Keteladanan yang berani, teguh dan istiqamah termasuk nilai budaya yang kita ingin
transformasikan sehingga menjadi gerakan nyata baik di tingkat elit pemimpin atau
rakyat. Keteladan yang berani dapat muncul oleh karena kesadaran ketuhanan yang
merata. Menurut Moh. Iqbal:
“The sign of a kafir is that he is lost in horizon, while the sign of a mukmin is that the
horizon lost in him”
Para hadirin dan hadirat yang berbahagia,
Sesuai dengan pasal 32 UUD 1945 yang telah diamendemen, salah satu tugas
kebudayaan kita juga adalah mendorong pluralisme budaya. Negara memajukan
kebudayaan nasional dengan tetap menjamin kemerdekaan masyarakat dalam
melestarikan dan mengembangkan nilai-nilai kebudayaanya. Selanjutnya, negara
menghormati dan memelihara bahasa daerah sebagai kekayaan budaya nasional.
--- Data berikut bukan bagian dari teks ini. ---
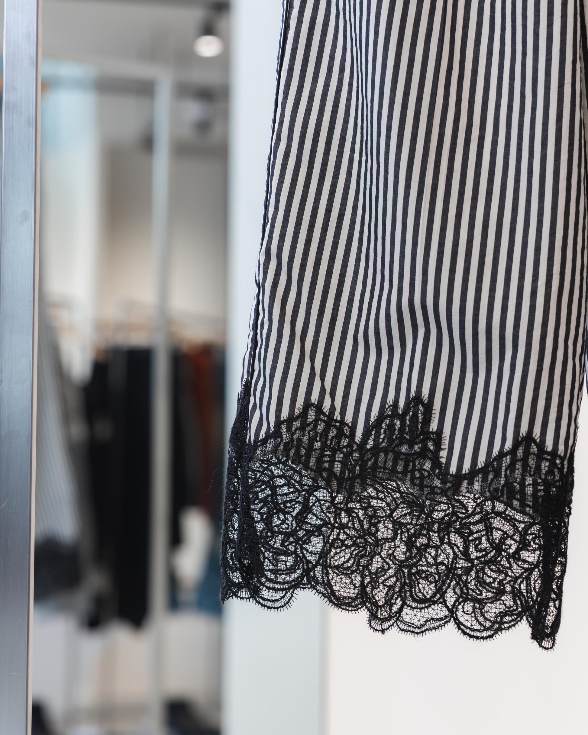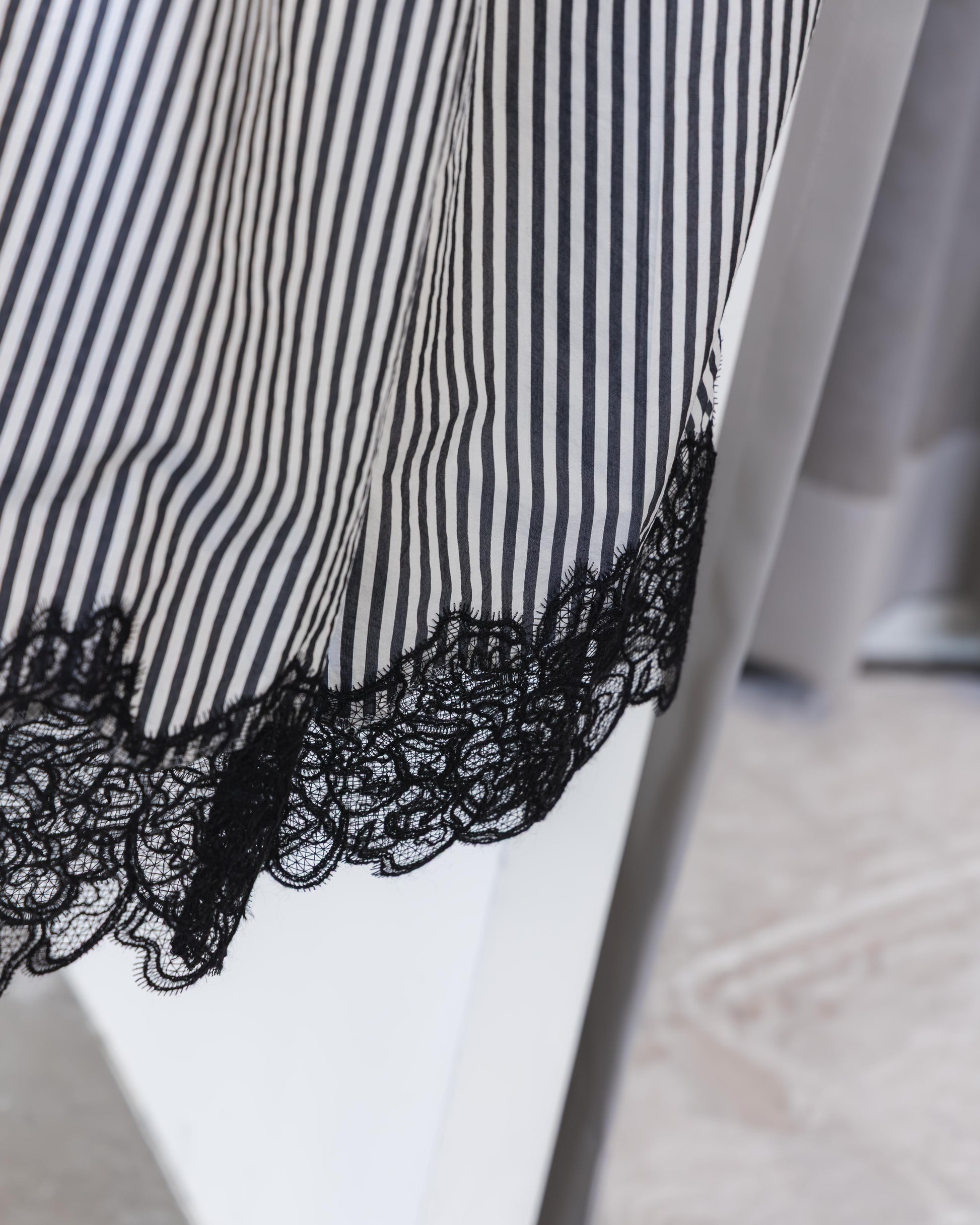 穿上它時,建議搭配一雙俐落的高跟鞋,讓蕾絲細節在足尖晃動,將原本放鬆的廓形瞬間提煉成洗鍊的都會風格。這種從容與優雅並存的著用感,正是專為追求生活質感的時髦人士所設計。

Kemajemukan budaya ini harus kita terus dorong tanpa perlu terjebak pada etnosentrime
sempit sehingga warisan adi luhung nenek moyang kita tetap eksis di tengah-tengah
pertempuran global elemen budaya asing.
Salah satu warisan adi luhung yang cukup relevan kita pelihara adalah wasiat
Ronggowarsito. Di tengah zaman “edan”, ketika budaya korupsi sudah mewabah
demikian dahsyat, nasihat untuk“eling” dan “waspodo” dapat dikontekstualisasi dengan
apa yang menjadi nilai-nilai kebangsaan di dalam UUD 1945.
Kita diharapkan ‘eling’ bahwa bangsa ini memiliki potensi untuk bangkit dan bersaing
dengan budaya bangsa lain (global). Kita menyadari , ‘eling’ sepenuhnya bahwa dengan
kesederhanaan ketika masa perjuangan mampu menghantarkan bangsa ini merdeka dari
penjajah.
“Waspodo” dapat dimaknai agar kita menghadirkan kesadaran penuh tentang jati diri
bangsa yang tidak ingin tereduksi justru karena budaya korupsi. Secara sederhana,
budaya ‘waspodo’ telah ditunjukkan oleh rakyat kita dalam Pemilu 2004 silam. Budaya
‘money politics’ sudah berkurang tidak seperti dikhawatirkan banyak pihak.
Wallahua’lam bishowaab,
Wabillahitaufik wal hidaayah,
Wassalaamu’alaikum Warahmatullaahi Wabarakaatuh.